Does the recent ESMA Opinion on Share Classes have direct application to Irish authorised UCITS?
No. The recent ESMA Opinion on Share Classes was issued by ESMA under the provisions of Article 29 of Regulation 1095/2010 (the Regulation). Article 29 opinions are issued to national regulators and their purpose is to "build a common Union supervisory culture and consistent supervisory practices, as well as in ensuring uniform procedures and consistent approaches throughout the EU". Unlike guidelines or recommendations that may be issued by ESMA (for example, under Article 16 of the Regulation), Article 29 of the Regulation contains no provision for such opinions to be directly applicable to industry (financial markets participants).
For the terms of an Article 29 opinion to have any direct application for Irish authorised UCITS, it would therefore appear to be necessary that the Central Bank of Ireland (Central Bank) should take a proactive step and communicate to industry its intention to adapt the principles and requirements contained in the opinion and apply them as regulatory requirements to Irish authorised UCITS (assuming that this is the Central Bank's intention in any given case).
In terms of precedent, ESMA issued an opinion (pursuant to Article 29 of the Regulation) on 20 November 2012 in relation to Article 50(2)(a) of Directive 2009/65/EC (which relates to the UCITS 10% trash bucket). On 23 January, 2013 the Central Bank wrote to the Irish funds industry in relation to this ESMA opinion.

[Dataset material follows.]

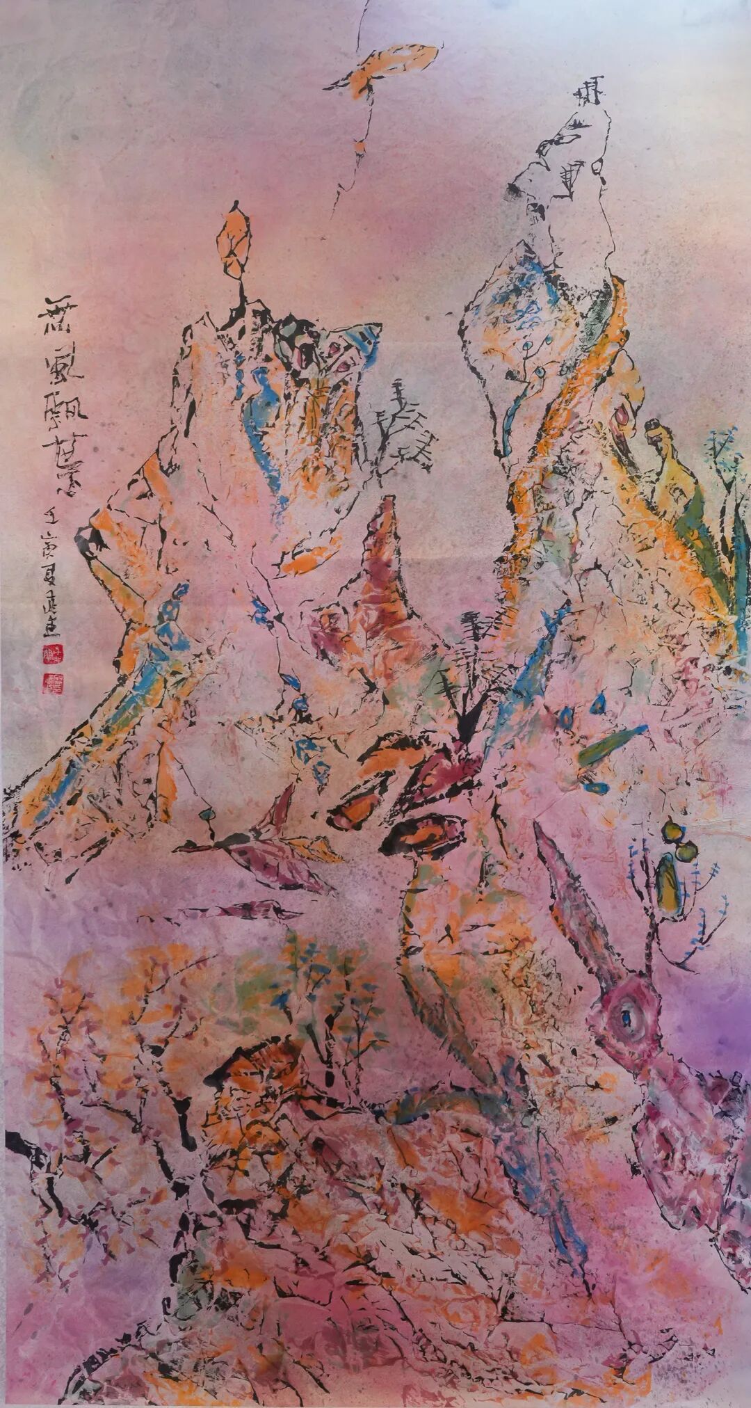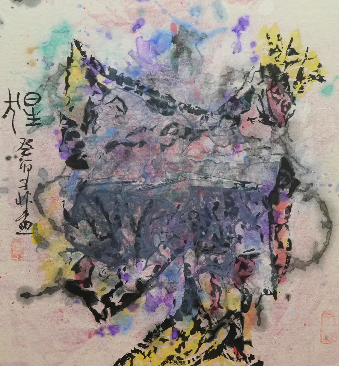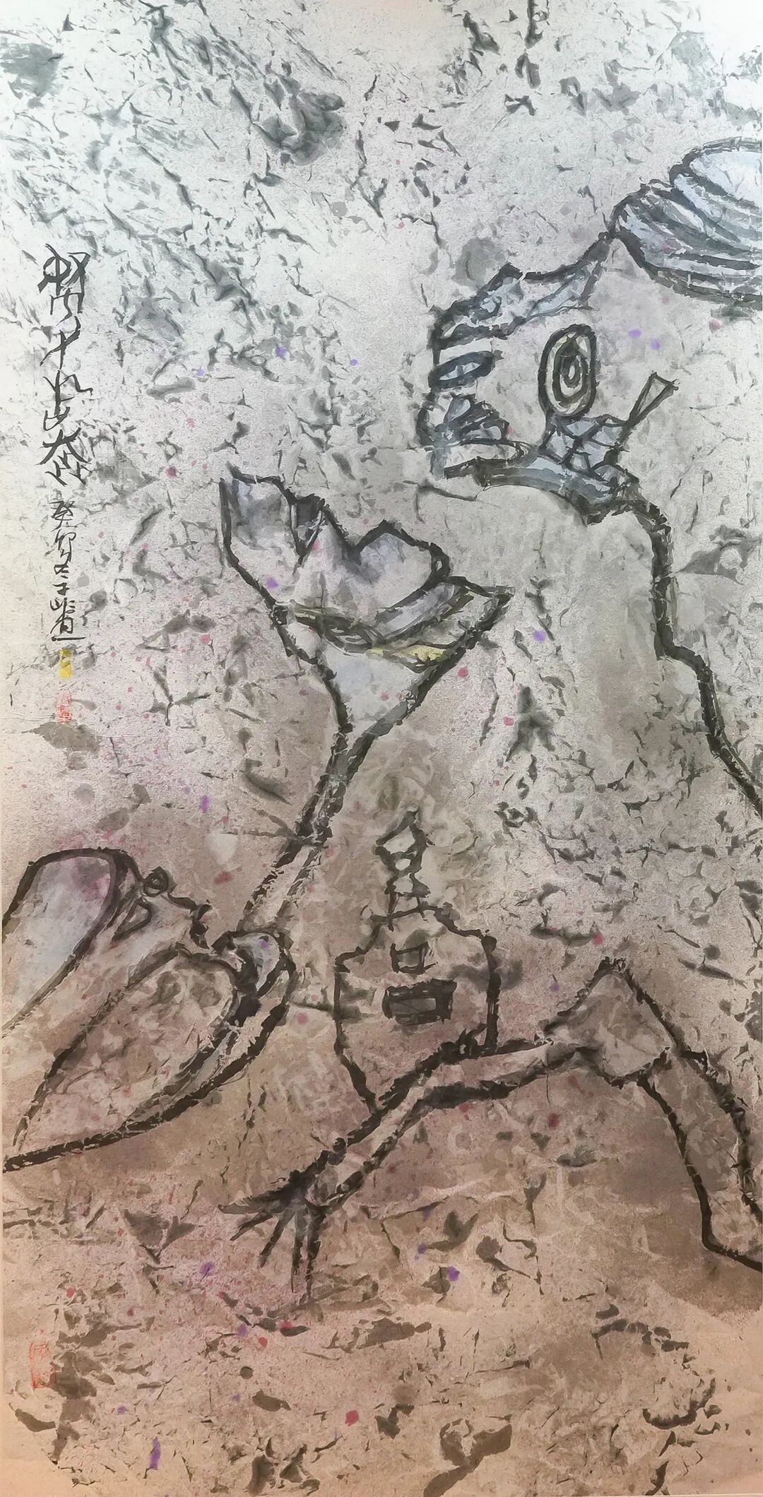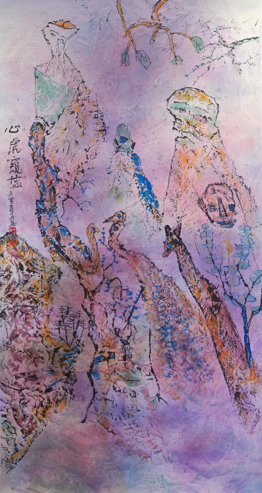 廖清生先生在创作中融合文学、哲学、宗教等多元文化元素,形成“重视生灵、窥视人心、化外宇宙”的独特艺术视角。其突破性在于打破了传统国画的诸多创作禁忌:山川河流可倒置旱现,树木山石能随意叠加,动物花鸟的布局突破时空限制,云雾水流的形态亦随意念自然变形。这种“杂乱有章、遵循无极、以无化无”的创作宗旨,使得不同时空的意念、情感与思想得以在同一画面中交织碰撞--无论是历史记忆、当下感悟还是未来哲思,皆可通过“意念同同框”的艺术手法实现跨维度对话。

This letter confirmed support of the ESMA opinion and indicated an expectation that UCITS with non-compliant investments would be required to make any necessary modifications to their portfolios within a prescribed timeframe.
However, this approach preceded the issuance of the Central Bank's UCITS Q&A.
Accordingly, we believe that we can expect the Central Bank to issue a communication to industry (whether by way of an update to the UCITS Q&A or otherwise) to clarify its approach on this issue.